The most popular countries for cruise ships to register their flags to are Panama, Bermuda, Italy, Malta, and the Netherlands.

A ship’s registration can be seen on the aft below the name. Below is a photo of Royal Caribbean’s Symphony of the Seas who is registered in Nassau.

Symphony of the Seas Flag Nassau Bahamas

Why Do Cruise Ships Have to be Registered to a Country?

Every ship is required by law to be registered in a country. The laws of the country in question are used if there are any private maritime disputes.

The country to which the ship is registered has control over the ship in regards to things like regulations and procedures.
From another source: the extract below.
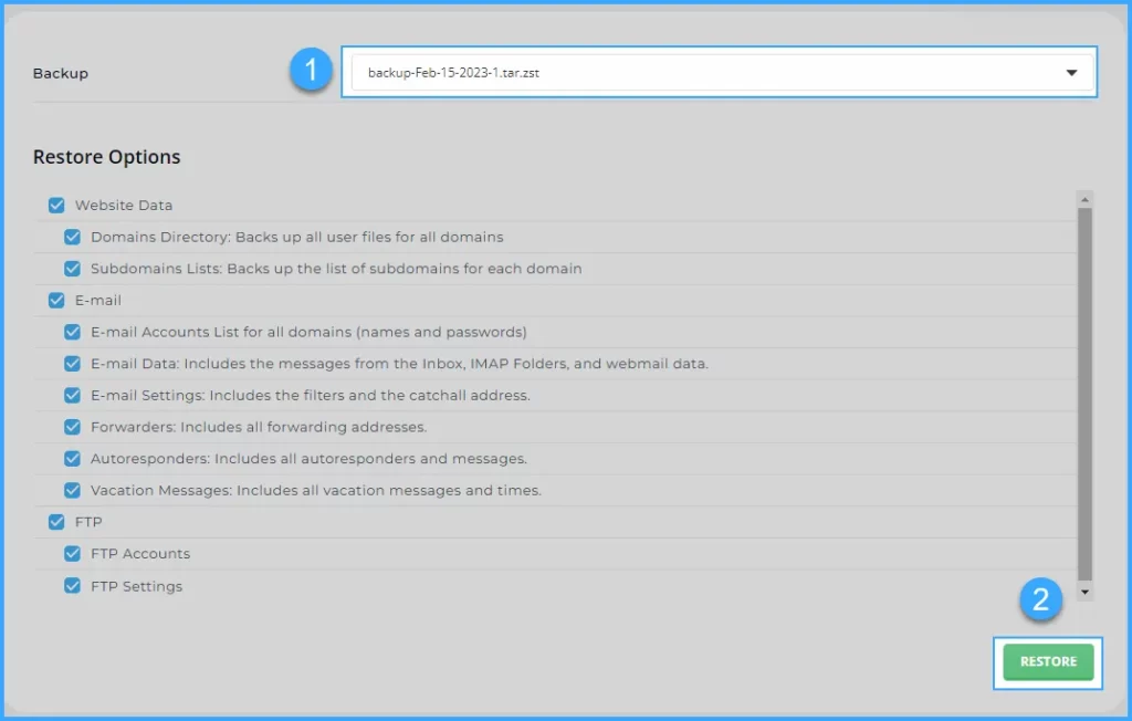 Hướng dẫn restore dữ liệu trên DirectAdmin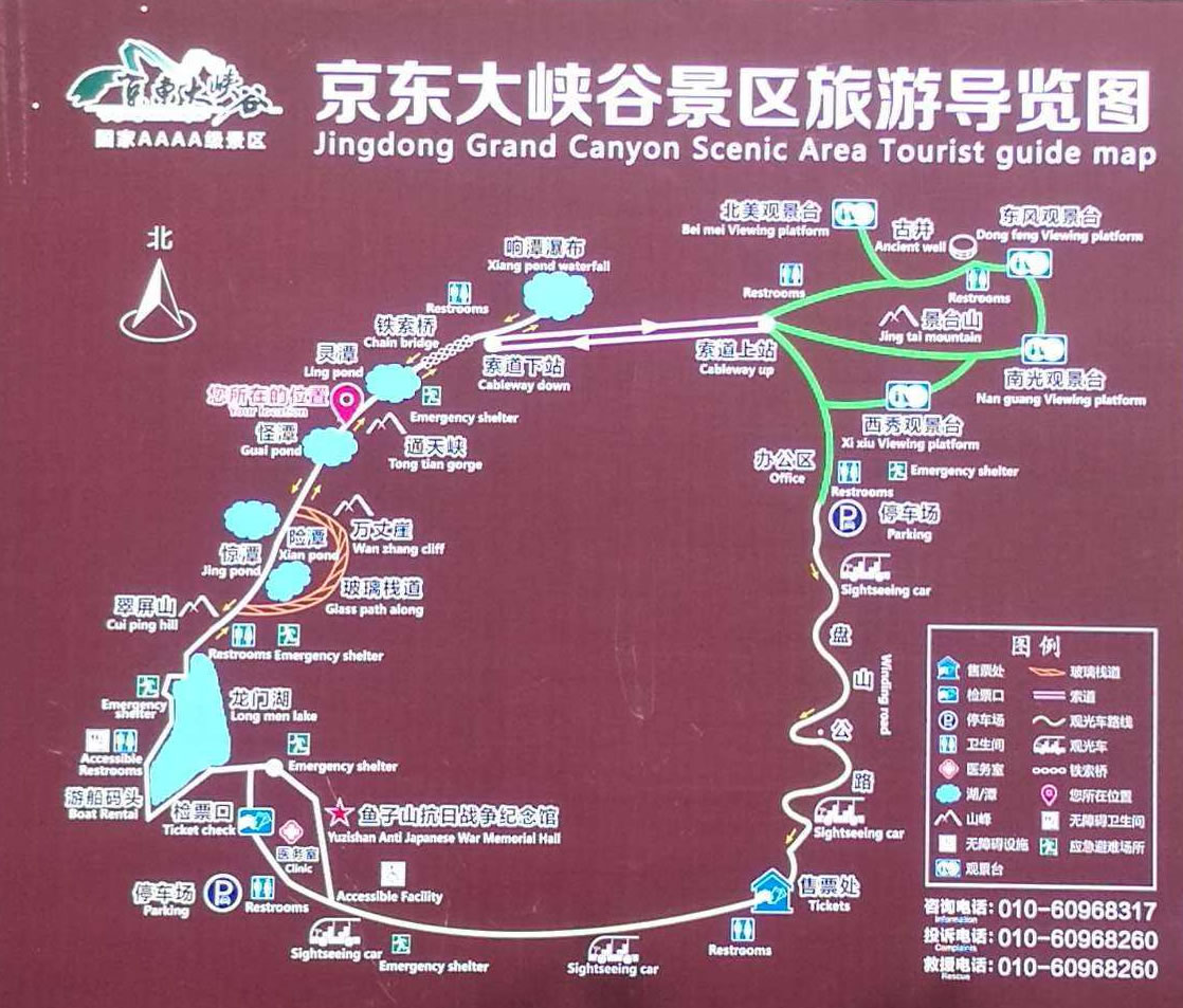 京東大峽谷是是集高山、峽谷、湖面、深潭為一體的綜合型自然風(fēng)景區(qū)。位于平谷城區(qū)東北的山東莊鎮(zhèn)魚(yú)子山民俗旅游村,距市區(qū)(東直門(mén))80公里。 景區(qū)擁有廣闊的湖面、各異的深潭、蔥翠的山野,還有連接大峽谷和井臺(tái)山的落差長(zhǎng)達(dá)千米的高空索道。 京東大峽谷景區(qū)適游期長(zhǎng),景區(qū)四季景致不同,春時(shí)山花爛漫,百鳥(niǎo)鳴囀;夏時(shí)清風(fēng)和煦,爽利暢懷;秋時(shí)萬(wàn)山紅遍,層林盡染;冬時(shí)冰瀑高懸,銀裝素裹。四季所見(jiàn)所聞所感迥然不同,又各得佳妙,是平谷地區(qū)少見(jiàn)的適宜四季游覽的景區(qū)之一,也是北京地區(qū)少數(shù)適宜冬季觀光的景區(qū)之一。 “空中王子”阿迪力曾在大峽谷景區(qū)上空做“高空鋼絲生存表演”,該表演持續(xù)三天,引起了巨大轟動(dòng)。表演結(jié)束后,表演所用的鋼絲、保險(xiǎn)繩等設(shè)備仍留在景區(qū),景區(qū)利用這些設(shè)備并加以改進(jìn),增加了安全系數(shù),形成了高空走鋼絲項(xiàng)目。既可鍛煉膽識(shí),又可增強(qiáng)自信,不失為一個(gè)勇敢者的游戲。

They’re also in charge of regulations in regards to pollution although the cruise lines do take this very seriously and consistently perform better than the minimum requirements. The countries where the ships are sailing also are able to monitor and enforce regulations.

How Can Cruise Ships Fly a Foreign Flag?

It’s surprisingly easy for a cruise ship to fly a foreign flag.

Closed Registries

Most countries have closed registries which means that the ship usually has to be owned and/or constructed by the country in order to fly the flag. This also affects employment with a certain amount of the employees working onboard having to be from that country.

Open Registries

On the other hand, some countries have what is called open registries. This means that almost anybody can register a ship to the country in question and in some situations you’re able to just apply online. Some countries that have had open registries in the past have since changed to closed registries due to problems with crime.

There are still plenty of countries with open registries where it’s relatively easy to register a ship there if you’d like to.

Both of the Carnival ships shown below are registered in Panama.

Carnival Dream and Carnival Vista

Employment

One of the main reasons that a cruise ship would sail under a foreign flag is because it gives them the ability to hire employees from countries that have lower wage requirements. On the majority of cruises, you’ll find that the crew are from places like the Philipines, China, or India.

Ships that are registered in the Bahamas and Panama have the highest number of crew members from the Philippines.

There are also some tax benefits for people from the Philipines who work on cruises. Providing that they work on an overseas vessel that operates exclusively in international trade.

What does this mean for the crew onboard:

  • The cruise line can pay lower wages than would be paid to US citizens.
  • The crew can be made to work longer working hours.
  • The crew can be given fewer breaks/less leave.

You’ll often find that on a cruise the majority of waiters, room stewards, and bartenders will be from countries other than the US. However, you may find musicians, performers, and officers from the US or other parts of Europe with higher wage requirements.

It isn’t uncommon to find people with similar or the same jobs being paid different amounts based on the country that they come from.

Cruise onboard Marella Discovery in Theatre Waving Flags
The crew of the Marella Discovery waving flags representing their home countries

Taxes

One of the biggest reasons that a cruise ship could fly under the flag of another country is that they have to pay tax under that flag rather than the place where they actually operate.

This means that cruise ships sailing in the US, but registered to another country, don’t pay US taxes in the same way as they would if they were registered there.

The saving can be HUGE and for some large companies, this can easily run into the millions of dollars.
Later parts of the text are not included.